### Stored data ###

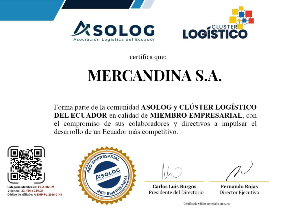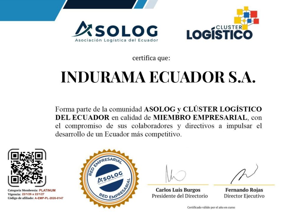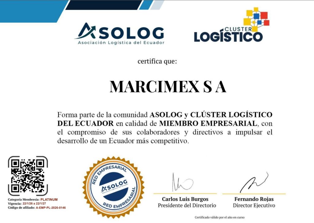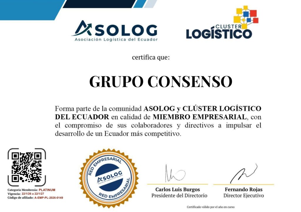 Nos complace compartir con toda la organización que Grupo Consenso, Marcimex, Indurama y Mercandina forman parte de la comunidad ASOLOG y del Clúster Logístico del Ecuador en calidad de Miembros Empresariales categoría PLATINUM, vigencia 22/01/2026 al 22/01/2027.
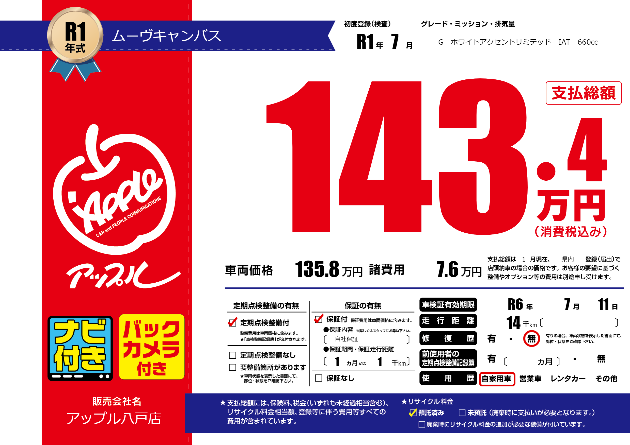 | 走行キロ | 1.4万km | 初年度登録 | R1年7月 |
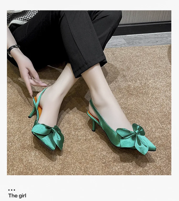 QuiteS Large Size Sandals 2023 Summer New Fashion Solid Color Bow Pointy Thin Heels High Heels for Women
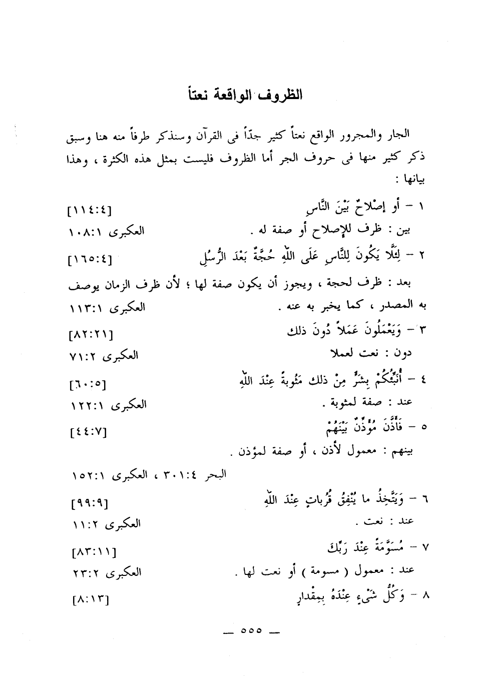 الجار والمجرور الواقع نعتا كثير جدا في القرآن وسنذكر طرفا منه هنا وسبق ذكر كثير منها في حروف الجر أما الظروف فليست بمثل هذه الكثرة، وهذا بيانها:

###

◆ What to produce ◆
Leave the images out and output the remaining material exactly as it stands.

◆ Your solution ◆
 Nos complace compartir con toda la organización que Grupo Consenso, Marcimex, Indurama y Mercandina forman parte de la comunidad ASOLOG y del Clúster Logístico del Ecuador en calidad de Miembros Empresariales categoría PLATINUM, vigencia 22/01/2026 al 22/01/2027.
 | 走行キロ | 1.4万km | 初年度登録 | R1年7月 |
 QuiteS Large Size Sandals 2023 Summer New Fashion Solid Color Bow Pointy Thin Heels High Heels for Women
 الجار والمجرور الواقع نعتا كثير جدا في القرآن وسنذكر طرفا منه هنا وسبق ذكر كثير منها في حروف الجر أما الظروف فليست بمثل هذه الكثرة، وهذا بيانها:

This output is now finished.